Another feature of the Narrows is the reed villages. This, of course, does not exclusively belong to this region, but it is here, when tied up to the bank, that the best opportunity of a close view is taken.

That houses can be built in practically no time and out of almost anything has been abundantly claimed at home by numerous enterprising firms by ocular demonstration at the Building Trades and Ideal Home Exhibitions. Cement guns and climbing scaffolding, we are assured, will raise crops of mansions at a prodigious pace, and the housing problem is all but solved. If we have not noticed many new houses it is not for want of inventors. Yet the best of these efforts is elaborately cumbersome compared with housing schemes on these flat lands bordering the Tigris and Euphrates. Not only has the Marsh Arab evolved a style of dwelling that can be built in a night, but he can boast of a device still more alluring in its naivity and utility—the Portable Village!

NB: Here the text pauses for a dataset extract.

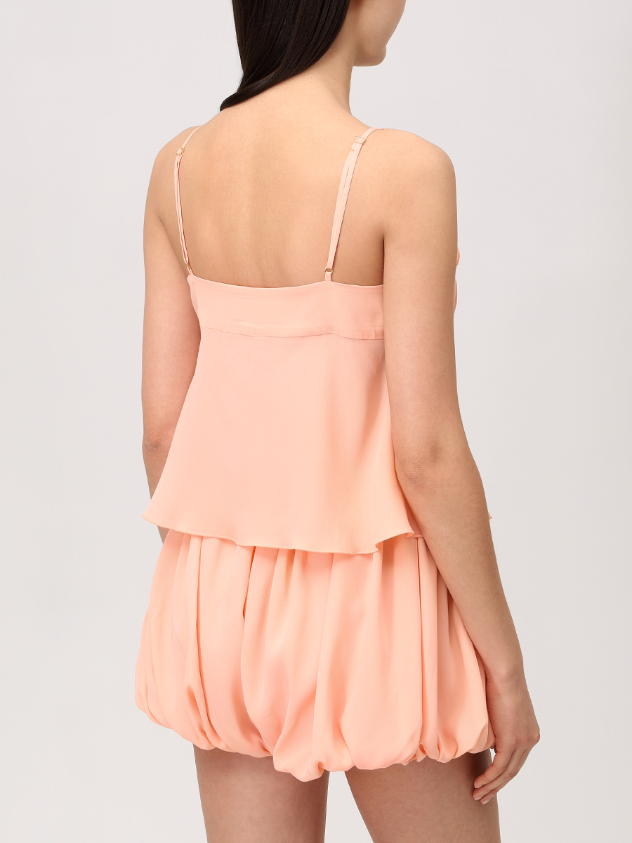 Шорты мини из круизной коллекции Pink bloom созданы из крепового шелка персикового цвета, собранного в равномерную сборку, чтобы придать шортам воздушность и подчеркнуть округлые формы женского тела. За счёт объема и длины мини шорты выглядят игриво и романтично. Шорты застегиваются сзади на молнию и идеально впишутся как в самое изысканное путешествие, так и в гардероб модницы из городских джунглей. Хорошо подумайте прежде купить эти мини шорты и держитесь от мужчин подальше, риск вызвать шквал восторженных вздохов вам вслед и неприлично частых запросов на знакомства в этих шортах многократно увеличиваются.
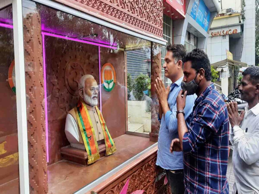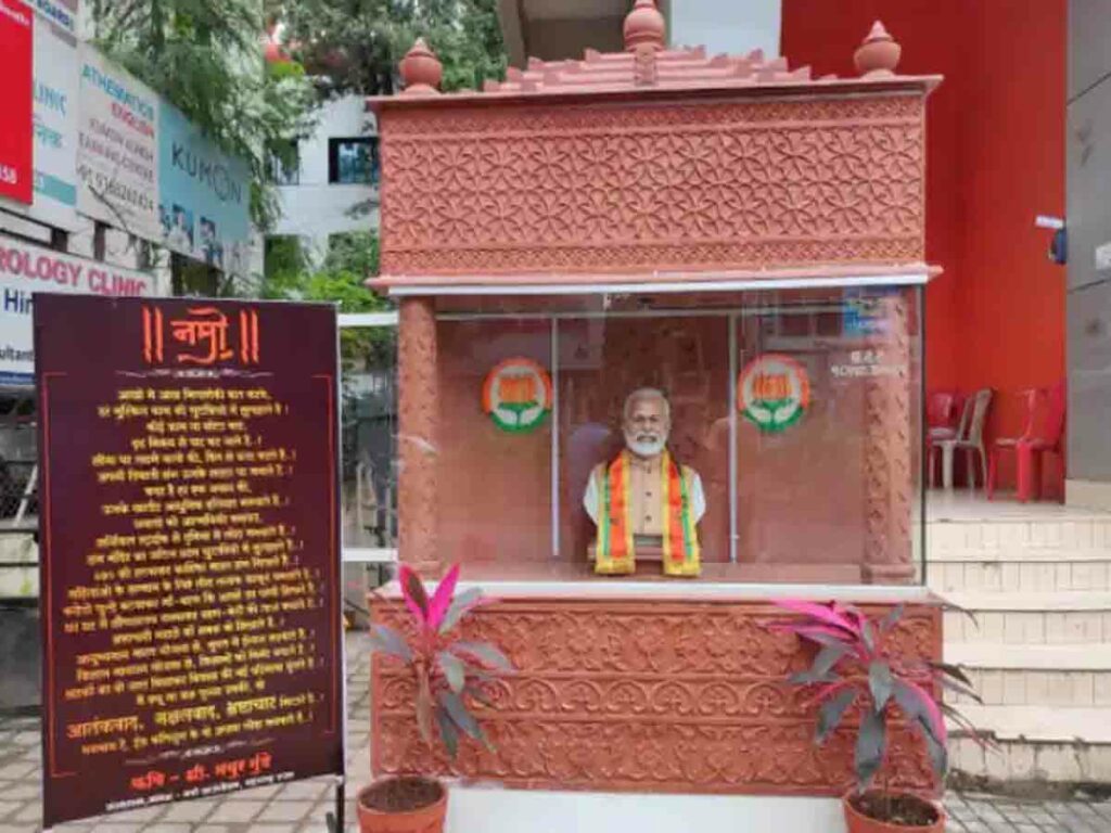 ముంబై: బీజేపీ కార్యకర్త ఒకరు ప్రధాని నరేంద్ర మోదీ గుడి కట్టారు. దీని కోసం రూ.1.6 లక్షలు ఖర్చు చేశారు. మహారాష్ట్రలోని పూణేకు చెందిన బీజేపీ కార్యకర్త మయూర్ ముండే, తనకు చెందిన అనుద్ ప్రాంతంలోని రోడ్డు పక్కన స్థలంలో మోదీకి చిన్న గుడి కట్టారు. జైపూర్ నుంచి ఎర్రని పాల రాయిని తెప్పించి నిర్మాణానికి వినియోగించారు. తెల్ల పాలరాయితో చేసిన మోదీ విగ్రహాన్ని అందులో ఏర్పాటు చేశారు. భద్రతగా ముందు వైపు గట్టి అద్దాన్ని ఫిక్స్ చేశారు. ఆ గుడి ముందు మోదీకి అంకితమిస్తూ ఒక పద్యంతో కూడిన బోర్డును కూడా ఏర్పాటు చేశారు. రూ.1.6 లక్షల వ్యయంతో ఆరు నెలల్లో మోదీ గుడి నిర్మాణాన్ని పూర్తి చేశారు. 75వ స్వాతంత్ర్య దినోత్సవం సందర్భంగా ఆదివారం దీనిని ప్రారంభించారు.

I once made a sketch of a Marsh Arabs' village at evening (reproduced facing p. 34), and on returning thither on the following morning to verify certain details, I found it had gone! I succeeded in tracking it down again by the afternoon, about ten miles from its former situation, and found the mayor (or whatever the Marsh-Mesopotamian equivalent may be) inspecting the finishing touches being made to the borough. Of course it is frightfully muddling, all this moving about of villages, to the stranger who is not keeping a sharp look-out and marking well such impromptu geographical activity.

Along the shores of the rivers of Mesopotamia and in the innumerable lagoons and backwaters that abound can be found large areas of tall reeds, ranging from quite slight rushes to canes twenty feet high. It is with such material the Marsh Arab builds. The long rods he bends into arches like croquet hoops. On this skeleton, not unlike the ribs of a boat turned upside down, he stretches large mats woven out of rushes. At the ends he builds up a straight wall of reed straw bound up in flat sheaves. An opening is left for an entrance, a mat, sometimes of coloured material, doing duty for a door.

So much for the principal and removable part of the village. However, the town planner will add to this by improvising mud enclosures for animals, and an occasional wall and "tower." The mud is mixed with cut grass and reeds, quickly drying into a hard substance, and sufficiently permanent for anything that such a temporary village requires.

In the bright sunlight of the Mesopotamian plains, and probably also on account of their prominence at a distance over the flat land, some of these mud buildings look quite imposing. I remember once approaching a city with ramparts, towers, and formidable walls which, on close inspection, turned out to be a small mud enclosure of the most decrepit kind.

Great changes have been made in the rule of the waterways of Mesopotamia. Sinbad the Sailor has given place to Sinbad the Soldier, the Inland Water Transport.

We have learnt, as we were advised to do in regard to the things of Mesopotamia, to think amphibiously.



IV

THE WISE MEN FROM THE WEST



THE WISE MEN FROM THE WEST

The story of Mesopotamia is a story of irrigation. "It is not improbable," writes Sir William Willcocks, the great irrigationist, "that the wisdom of ancient Chaldea had its foundations in the necessity of a deep mastery of hydraulics and meteorology, to enable the ancient settlers to turn what was partially a desert and partially a swamp into fields of world-famed fertility." The civilizations of Babylon and Assyria owed their very life to the science of watering the land, and even in the later times of Haroun Alraschid their great systems had been well maintained. It is said of Maimun, the son and successor of this monarch, that he exclaimed, as he saw Egypt spread out before him, "Cursed be Pharaoh who said in his pride, 'Am I not Pharaoh, King of Egypt?' If he had seen Chaldea he would have said it with humility."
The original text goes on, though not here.